Your goal: Please restate, word for word, the lines below that begin at the one with "Carrera C FLEX" and end at the one with "英伟达需要面对的风险在于,尽". Leave out all other lines.

Supplied entries:
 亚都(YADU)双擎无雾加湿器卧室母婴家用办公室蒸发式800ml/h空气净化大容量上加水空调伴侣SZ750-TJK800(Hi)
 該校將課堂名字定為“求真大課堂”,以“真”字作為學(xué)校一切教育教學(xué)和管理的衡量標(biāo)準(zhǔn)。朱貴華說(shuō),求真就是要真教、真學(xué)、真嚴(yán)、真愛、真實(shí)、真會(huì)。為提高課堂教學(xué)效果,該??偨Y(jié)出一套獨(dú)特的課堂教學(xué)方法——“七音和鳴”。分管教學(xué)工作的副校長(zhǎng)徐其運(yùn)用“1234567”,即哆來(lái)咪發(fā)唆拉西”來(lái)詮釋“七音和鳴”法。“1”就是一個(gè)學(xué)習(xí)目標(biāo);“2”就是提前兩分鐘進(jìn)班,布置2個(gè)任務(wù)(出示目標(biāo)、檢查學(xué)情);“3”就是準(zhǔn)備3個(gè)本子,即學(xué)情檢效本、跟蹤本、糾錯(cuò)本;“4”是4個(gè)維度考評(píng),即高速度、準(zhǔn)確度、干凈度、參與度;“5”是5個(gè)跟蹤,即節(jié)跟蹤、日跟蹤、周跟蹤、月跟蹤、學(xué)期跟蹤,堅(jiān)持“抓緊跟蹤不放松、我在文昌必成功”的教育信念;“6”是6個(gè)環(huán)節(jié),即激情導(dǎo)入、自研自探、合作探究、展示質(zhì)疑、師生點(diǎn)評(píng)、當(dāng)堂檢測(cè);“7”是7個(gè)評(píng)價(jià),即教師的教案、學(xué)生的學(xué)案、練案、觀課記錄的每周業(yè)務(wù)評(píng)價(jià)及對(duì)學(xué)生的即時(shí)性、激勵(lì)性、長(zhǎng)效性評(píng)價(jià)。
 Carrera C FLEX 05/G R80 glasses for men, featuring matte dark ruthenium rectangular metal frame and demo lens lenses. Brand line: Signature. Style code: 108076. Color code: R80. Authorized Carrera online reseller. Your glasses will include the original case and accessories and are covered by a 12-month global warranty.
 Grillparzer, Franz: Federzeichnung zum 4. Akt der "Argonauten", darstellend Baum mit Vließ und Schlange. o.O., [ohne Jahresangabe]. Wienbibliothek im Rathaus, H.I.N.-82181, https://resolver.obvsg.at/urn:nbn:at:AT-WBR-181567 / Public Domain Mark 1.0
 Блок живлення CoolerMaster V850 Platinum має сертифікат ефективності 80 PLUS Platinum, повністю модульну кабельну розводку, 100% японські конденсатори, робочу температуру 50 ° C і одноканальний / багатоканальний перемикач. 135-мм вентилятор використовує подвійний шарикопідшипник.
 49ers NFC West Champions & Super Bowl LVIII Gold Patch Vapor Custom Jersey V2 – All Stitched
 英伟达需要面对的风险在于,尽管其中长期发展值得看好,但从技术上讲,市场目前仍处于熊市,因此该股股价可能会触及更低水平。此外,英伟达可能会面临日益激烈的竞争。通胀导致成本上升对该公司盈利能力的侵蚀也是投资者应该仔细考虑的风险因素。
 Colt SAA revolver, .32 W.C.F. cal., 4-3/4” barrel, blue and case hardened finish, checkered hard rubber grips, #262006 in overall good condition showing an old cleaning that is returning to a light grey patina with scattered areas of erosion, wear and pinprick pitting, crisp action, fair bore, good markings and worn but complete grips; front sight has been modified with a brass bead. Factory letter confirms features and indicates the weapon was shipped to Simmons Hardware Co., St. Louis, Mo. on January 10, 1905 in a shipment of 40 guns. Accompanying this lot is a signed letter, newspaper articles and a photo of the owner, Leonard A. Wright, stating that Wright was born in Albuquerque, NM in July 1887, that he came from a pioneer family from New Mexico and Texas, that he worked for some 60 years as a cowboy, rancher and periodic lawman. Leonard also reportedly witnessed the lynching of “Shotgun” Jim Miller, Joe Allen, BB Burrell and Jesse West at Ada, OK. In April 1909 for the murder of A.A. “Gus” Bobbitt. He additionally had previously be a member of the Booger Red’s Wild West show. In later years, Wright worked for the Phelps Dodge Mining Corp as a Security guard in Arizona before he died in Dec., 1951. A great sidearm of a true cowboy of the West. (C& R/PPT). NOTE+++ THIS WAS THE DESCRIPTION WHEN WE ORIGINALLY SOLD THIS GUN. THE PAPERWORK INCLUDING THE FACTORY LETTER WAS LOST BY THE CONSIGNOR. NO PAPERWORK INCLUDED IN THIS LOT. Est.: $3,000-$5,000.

Result of the task:
 Carrera C FLEX 05/G R80 glasses for men, featuring matte dark ruthenium rectangular metal frame and demo lens lenses. Brand line: Signature. Style code: 108076. Color code: R80. Authorized Carrera online reseller. Your glasses will include the original case and accessories and are covered by a 12-month global warranty.
 Grillparzer, Franz: Federzeichnung zum 4. Akt der "Argonauten", darstellend Baum mit Vließ und Schlange. o.O., [ohne Jahresangabe]. Wienbibliothek im Rathaus, H.I.N.-82181, https://resolver.obvsg.at/urn:nbn:at:AT-WBR-181567 / Public Domain Mark 1.0
 Блок живлення CoolerMaster V850 Platinum має сертифікат ефективності 80 PLUS Platinum, повністю модульну кабельну розводку, 100% японські конденсатори, робочу температуру 50 ° C і одноканальний / багатоканальний перемикач. 135-мм вентилятор використовує подвійний шарикопідшипник.
 49ers NFC West Champions & Super Bowl LVIII Gold Patch Vapor Custom Jersey V2 – All Stitched
 英伟达需要面对的风险在于,尽管其中长期发展值得看好,但从技术上讲,市场目前仍处于熊市,因此该股股价可能会触及更低水平。此外,英伟达可能会面临日益激烈的竞争。通胀导致成本上升对该公司盈利能力的侵蚀也是投资者应该仔细考虑的风险因素。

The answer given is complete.